Труды этих авторов, а также А. Голана и М. Элиаде помогли
мне в анализе мифопоэтики Джима Моррисона. Что же касается его
ритуально-сценической практики, то никаких материалов на эту
тему до сих пор не существует, поэтому пришлось опираться на
антропологические работы К. Леви-Стросса и те ростки
функционального изучения ритуала, которые удалось найти у В.
Топорова и в работах, издаваемых американскими университетами
(в частности, исследования университета Нью-Мексико). Конечно
же, нельзя не упомянуть о трудах А. Арто и "Словаре театра" П.
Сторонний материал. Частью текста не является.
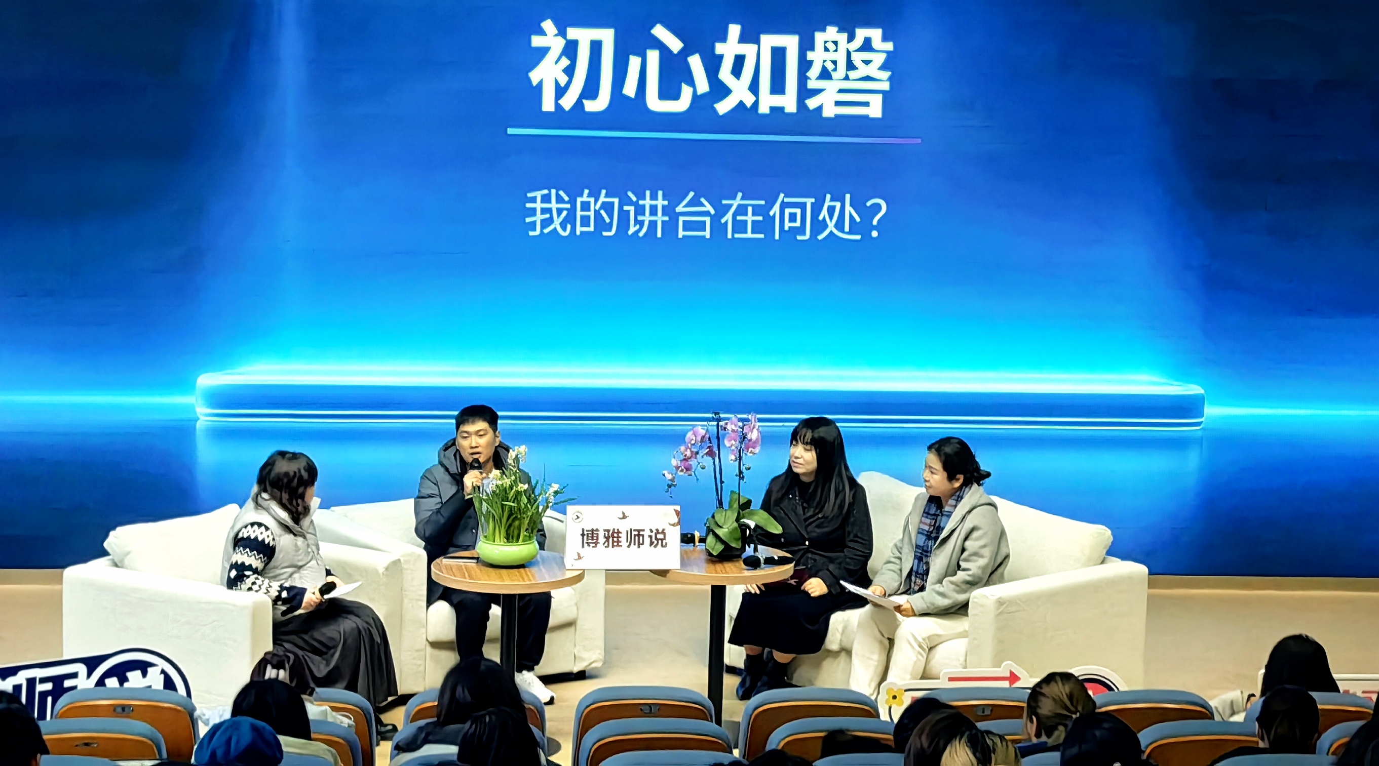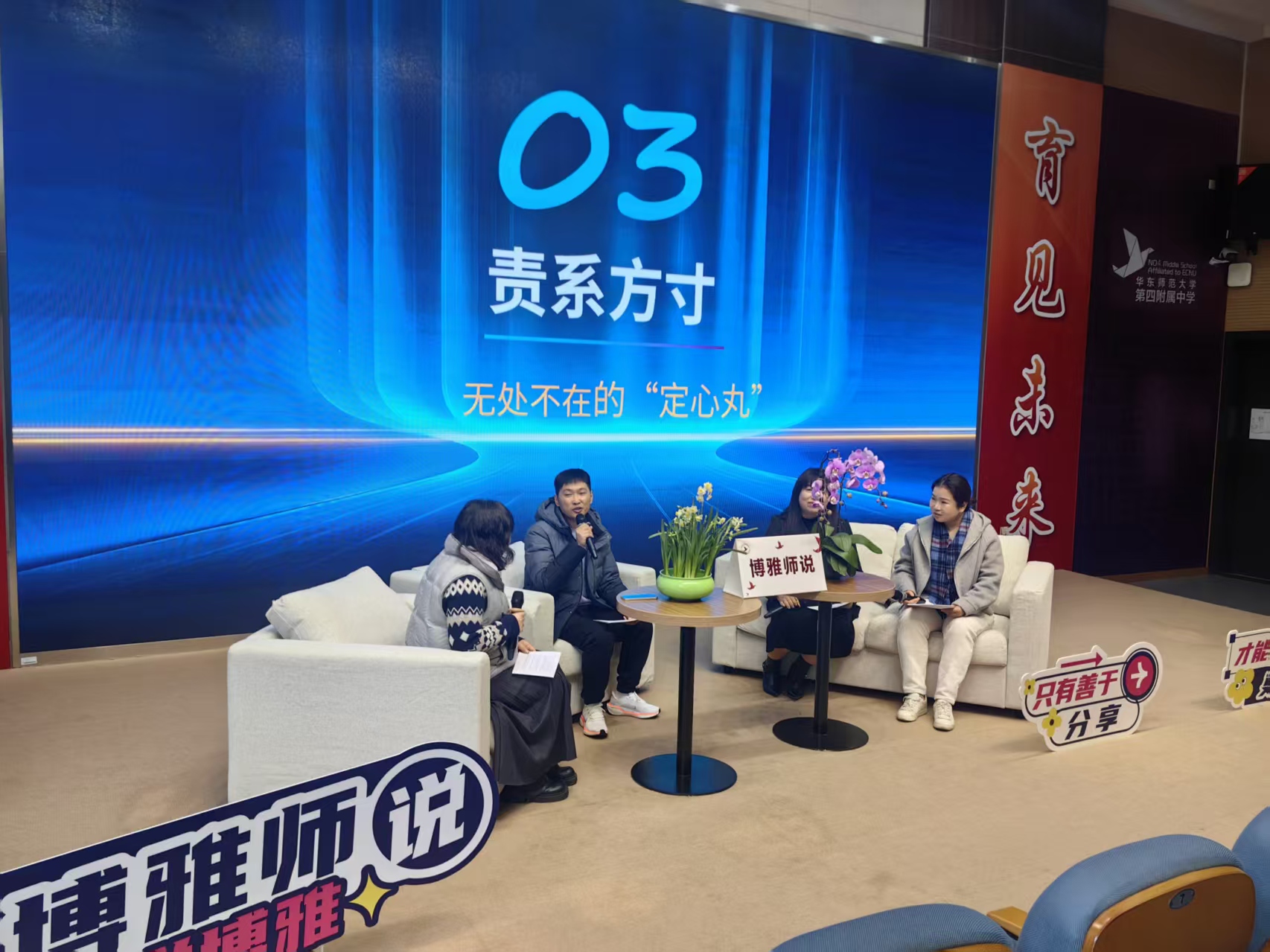 2026年1月28日,华师大四附中第四期“博雅师说”如期而至,本期博雅师说主持人张小芳,对话人薛滢,嘉宾陈功,特邀嘉宾杨玉婧、吴旻晴、陈佳寅、高晓骏,聚焦科研信息部技术骨干陈功老师,通过访谈与同事分享,探寻这位“幕后英雄”如何以技术为桥、以服务为责,在平凡岗位上书写育人初心的故事。

Пави, содержащих ряд театральных положений о различных аспектах
ритуала.
В качестве предварительных замечаний следует отметить, что
большинство текстов Д.Моррисона представлены в моем подстрочном
переводе (за исключением тех, что относятся к пункту 30
библиографии) и во-вторых, авторство наиболее важных цитат
указано прямо в тексте (в скобках, перед библиографической
ссылкой).
Каждая эпоха отличается от другой своей специфической
ситуацией. По определению немецкого философа-экзистенциалиста
К.Ясперса, "ситуация означает не только природно-закономерную,
но скорее смысловую действительность, которая выступает не как
физическая, не как психическая, а как конкретная
действительность, включающая в себя оба эти момента". ( 48,9).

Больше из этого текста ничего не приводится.